Delcy accuses everyone

In the case of the interim leader, references to racism and classism function primarily as political accusations. The dataset shows how their targets have shifted over time.

Until 2025, most of these accusations were directed outward, particularly at the US, Donald Trump, and what she describes as Western imperialism. In several cases, Delcy framed racism within a broader anti-imperialist and anti-colonial narrative. For example, in 2019, responding to the sanctions, she linked a wave of mass shootings in the US to what she described as “racist and supremacist hatred” promoted by Trump. At other times, Rodríguez applied similar labels to Zionism and to the Monroe Doctrine, portraying it as a symbol of US interventionism in Latin America. 
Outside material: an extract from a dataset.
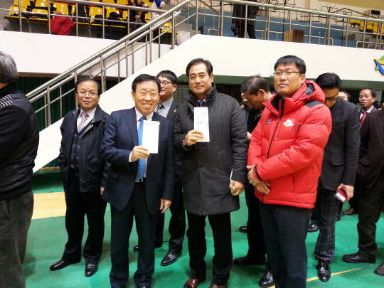프로배구 OK저축은행이 저소득층 청소년에게 성금을 전달했다.
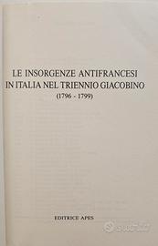 NUOVO: "Le insorgenze antifrancesi in Italia nel triennio giacobino (1796-1799)" di Autori vari. Editrice APES 1992 - 387 pagine. Segnalo soltanto la quarta di copertina piegata leggermente in alto a sinistra. Vendita da privato, no garanzia.

This pattern extended, to a lesser degree, to other governments in the region, including Colombia and Ecuador, particularly in disputes over the treatment of Venezuelan migrants.

A second line of argument targeted domestic opponents. In roughly a third of the identified interventions, Rodríguez accused the Venezuelan opposition of racism, classism, or fascism, often in the context of defending government actions or discrediting political challengers.

What stands out, however, is how abruptly this discourse changed after Nicolás Maduro’s capture on January 3, 2026. References to racism directed at the US and Trump disappeared almost entirely from Rodríguez’s rhetoric, coinciding with the start of formal engagement with Washington. A decade of anti-US discourse was effectively muted within days.

By 2026, two contrasting patterns emerge.

Machado’s framing of racism remains consistent over time: she presents it as a tool of division and emphasizes inclusion as a political response. Rodríguez’s use of the issue, by contrast, shifts depending on the political context, moving from external enemies to domestic opponents as circumstances change.

The narrative from ruling chavismo in April 2026 once again placed accusations of racism at the center of its attacks on the opposition. In doing so, it echoed the very dynamic Machado has long denounced: the instrumentalization of race and class as tools of political conflict.